◆ What you will do:
Once "要跨越这个鸿沟,除了物理采集" turns up in a line below, reproduce that line and those after it exactly, stopping after the line with "T4103夏季高级感新款男士印花宽松扎染重磅T恤撞色圆领短袖薄款上衣"; leave pictures out.

◆ Extracted records:
____
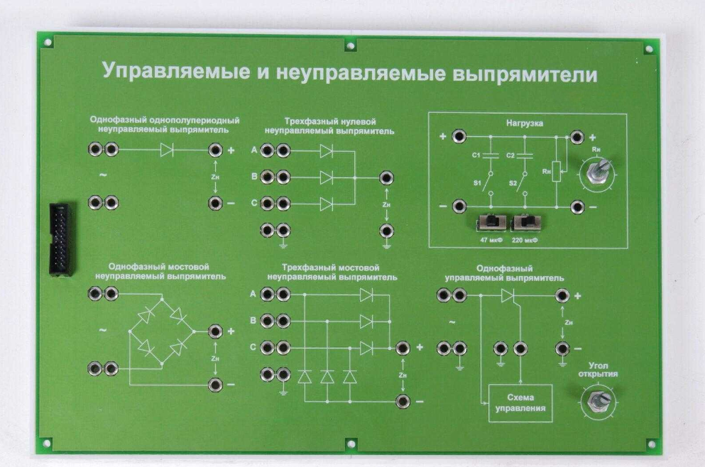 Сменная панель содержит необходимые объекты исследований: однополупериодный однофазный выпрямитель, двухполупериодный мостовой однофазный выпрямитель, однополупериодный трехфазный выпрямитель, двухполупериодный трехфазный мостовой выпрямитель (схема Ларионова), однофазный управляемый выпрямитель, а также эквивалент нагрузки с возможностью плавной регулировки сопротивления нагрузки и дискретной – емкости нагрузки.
____
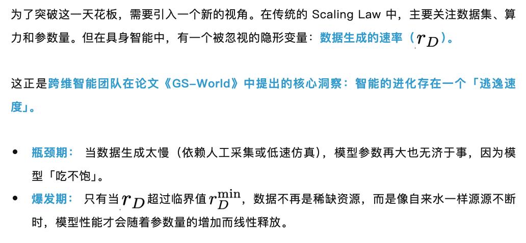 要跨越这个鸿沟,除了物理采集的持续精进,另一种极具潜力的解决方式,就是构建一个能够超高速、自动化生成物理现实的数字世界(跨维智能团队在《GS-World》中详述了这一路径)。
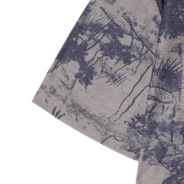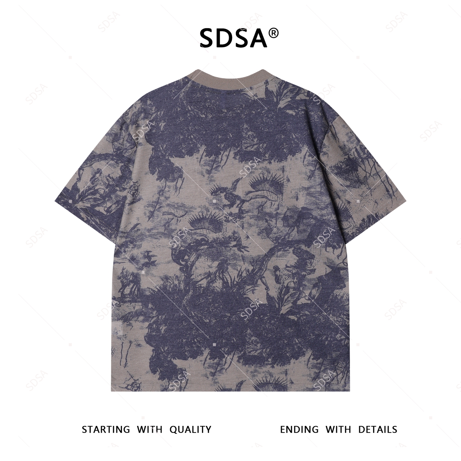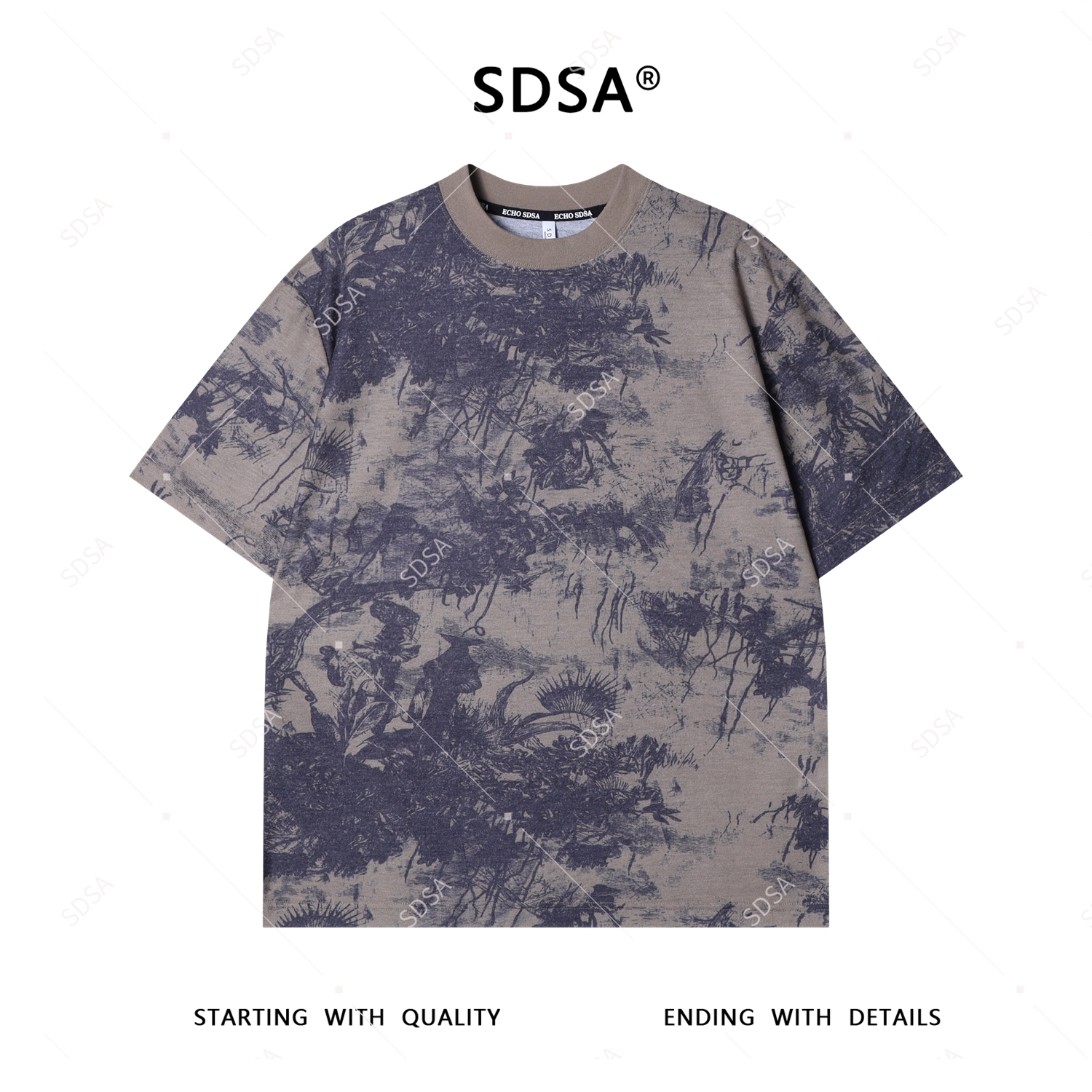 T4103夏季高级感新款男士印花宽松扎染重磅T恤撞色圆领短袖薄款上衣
____
◆ Exercise result:
 要跨越这个鸿沟,除了物理采集的持续精进,另一种极具潜力的解决方式,就是构建一个能够超高速、自动化生成物理现实的数字世界(跨维智能团队在《GS-World》中详述了这一路径)。
 T4103夏季高级感新款男士印花宽松扎染重磅T恤撞色圆领短袖薄款上衣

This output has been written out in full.